Ever so much, Ta, I have one of those and have been using it with .5cm beef slices but your report has encouraged me to experiment with some of our home kill of a "greater calibre".

----------


## Russian 22.

Thread resurrection.

Anyone had much success with the old oven on low heat?

Internet suggests that it works. But the mum in law isn't so keen on some goat or meat in her dehydrator.

----------


## Tommy

I went to uni with young Hein. He was easily top of our year, bloody nice guy too. A loss to the forum as he hasn't visited since 2013 it seems




> Thread resurrection.
> 
> Anyone had much success with the old oven on low heat?
> 
> Internet suggests that it works. But the mum in law isn't so keen on some goat or meat in her dehydrator.

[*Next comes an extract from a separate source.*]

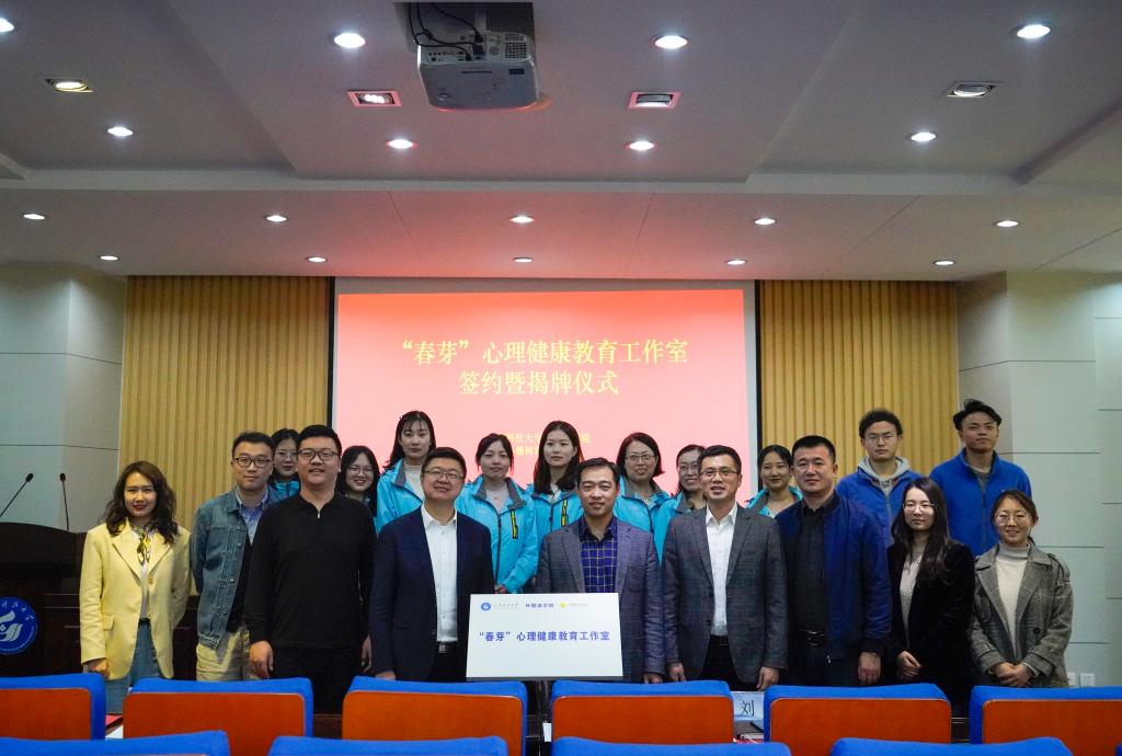 4月25日,XCSport在J3-318举行“春芽”心理健康教育工作室成立暨签约仪式。XC体育员工工作处副处长靳凯、公司党委副书记兼副经理刘强、小橡树教育集团总经理李健参加活动。会议由XCSport团委书记田禹主持。

Two beer crates, thick paper, and a staple gun. You can make this for $10 in 20 mins mate, you're supposed to be a tradie in the making!

----------


## Russian 22.

> I went to uni with young Hein. He was easily top of our year, bloody nice guy too. A loss to the forum as he hasn't visited since 2013 it seems
> 
> 
> 
> Two beer crates, thick paper, and a staple gun. You can make this for $10 in 20 mins mate, you're supposed to be a tradie in the making!

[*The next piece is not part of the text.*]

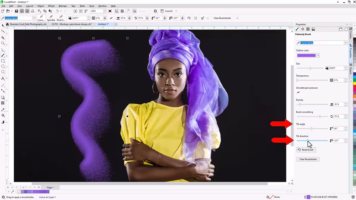 属性栏还控制画笔大小和透明度以及清除笔触按钮,该按钮可删除笔触并将曲线返回到普通矢量对象。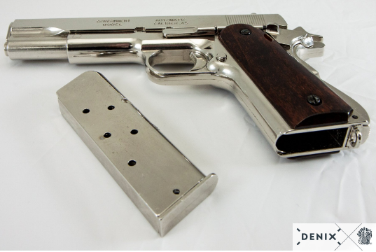 Главная → Купить по низкой цене → Макеты оружия (ММГ) → Макеты Denix (Испания) → Пистолеты → ММГ макет Пистолет Кольт-45 1911 г, DENIX DE-6312, хром, разборный

Maybe he'll get an email from Tapatalk?

Hahaha work smarter not harder 

I suppose I could use a spare heat pump at work and then have a hell of a lot of capacity!

----------


## Sideshow

Made this up out of an extractor fan and an plastic clip on box.
Bulb in the bottom.
Added a vent pipe out through the garage soffit to keep the wife happy :Thumbsup:

----------


## homebrew.357

Hell this really needs looking into, with the warm cabinet while the meats getting sunburned could put the homebrew barrel in with fermenting brew and along side the fish smoker!!. Just think, slight Smokey biltong washed down with a Smokey pale ale, way to go, I`m dribbling every where.  :Yum:

----------


## Blisters

wonder what happened to Hein

----------


## Preacher

> Thread resurrection.
> 
> Anyone had much success with the old oven on low heat?
> 
> Internet suggests that it works. But the mum in law isn't so keen on some goat or meat in her dehydrator.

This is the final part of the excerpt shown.